For this example, we will extract content from all talks on pyvideo. We will use the event listing as the base page.
To generate a skeleton configuration file, use the genconfig command. The primary arguments for the command are the project name and the URL of the base page. To generate a skeleton configuration file for a crawler, use the --type=crawler argument.

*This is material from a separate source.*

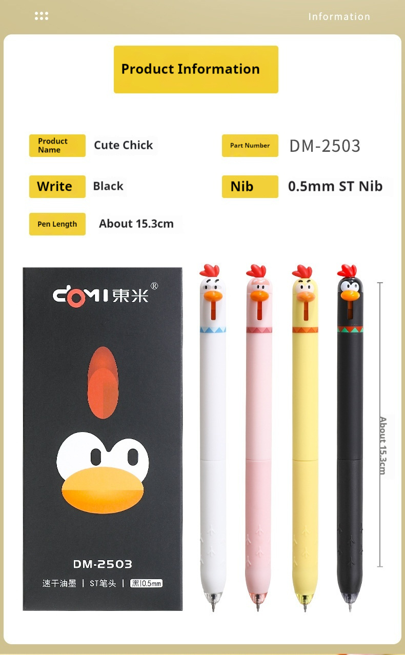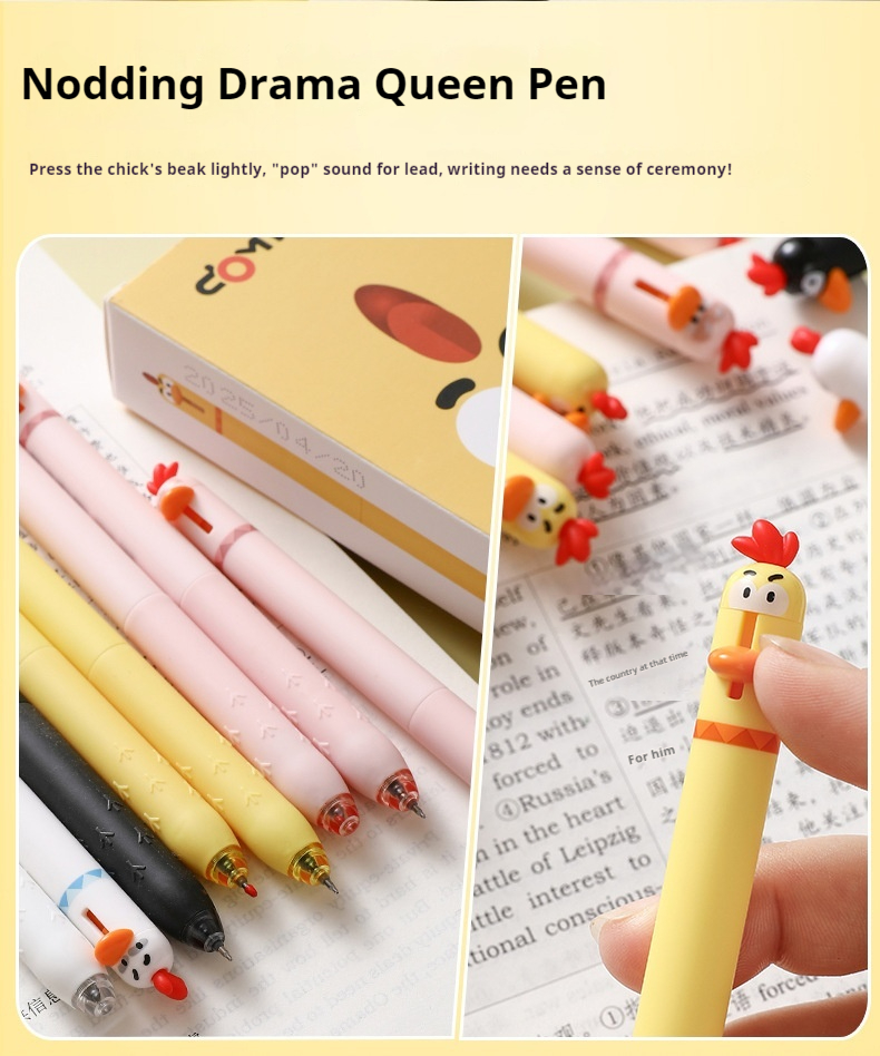 Product information:Series: cute pet chicken Color: black, white, pink, yellow Shell Material: Plastic Pen head: 0.5mm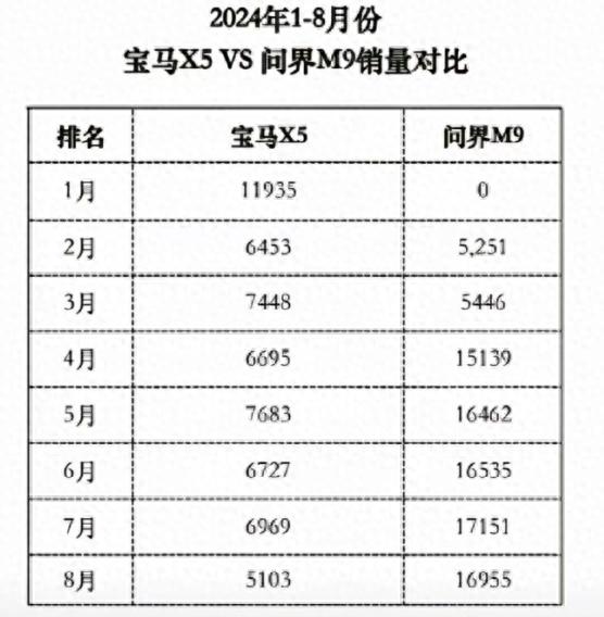 但宝马X5随后的好日子基本也到头了,因为2月份问界M9开始正式交付。出人意料的就是,2月份问界M9与宝马X5的销量差距只有1200辆左右了。今年3月份,宝马X5的优势扩大到了2000辆,但好运没有再次上演,紧接着4-8月份问界M9的月销维持在了1.6-1.7万辆左右,而宝马X5的月销维持在5000-7000辆左右。问题来了,为何当初宝马X5能够冲到1.2万辆,现在下滑如此明显呢?很明显,问界M9以及理想L9取代了不少宝马X5的市场份额。

$ scrapple genconfig pyvideo http://pyvideo.org/category --type=crawler
This will create pyvideo.json which will initially look like this -
{
"scraping": {
"url": "http://pyvideo.org/category",
"data": [
{
"default": "",
"field": "",
"attr": "",
"selector": ""
}
],
"next": [
{
"follow_link": "",
"scraping": {
"data": [
{
"default": "",
"field": "",
"attr": "",
"selector": ""
}
]
}
}
]
},
"project_name": "pyvideo",
"selector_type": "xpath"
}
You can edit this json file to specify selectors for the various data that you would want to extract from the given page.
For example,
{
"scraping": {
"url": "http://pyvideo.org/category/",
"data": [
{
"field": "",
"attr": "",
"selector": "",
"default": ""
}
],
"next": [
{
"follow_link": "//table//td[1]//a",
"scraping": {
"data": [
{
"field": "event",
"attr": "text",
"selector": "//h1",
"default": ""
},
{
"field": "event_url",
"attr": "",
"selector": "url",
"default": ""
}
],
"next": [
{
"follow_link": "//div[@class='video-summary-data']/div[1]//a",
"scraping": {
"data": [
{
"field": "talk_title",
"attr": "text",
"selector": "//h3",
"default": "<unknown>"
},
{
"field": "speaker",
"attr": "text",
"selector": "//div[@id='sidebar']//dd[2]",
"default": "<unknown>"
},
{
"field": "talk_url",
"attr": "",
"selector": "url",
"default": ""
}
]
}
}
]
}
}
]
},
"project_name": "pyvideo",
"selector_type": "xpath"
}
Using this configuration file, you could generate a Python script using scrapple generate or directly run the scraper using scrapple run.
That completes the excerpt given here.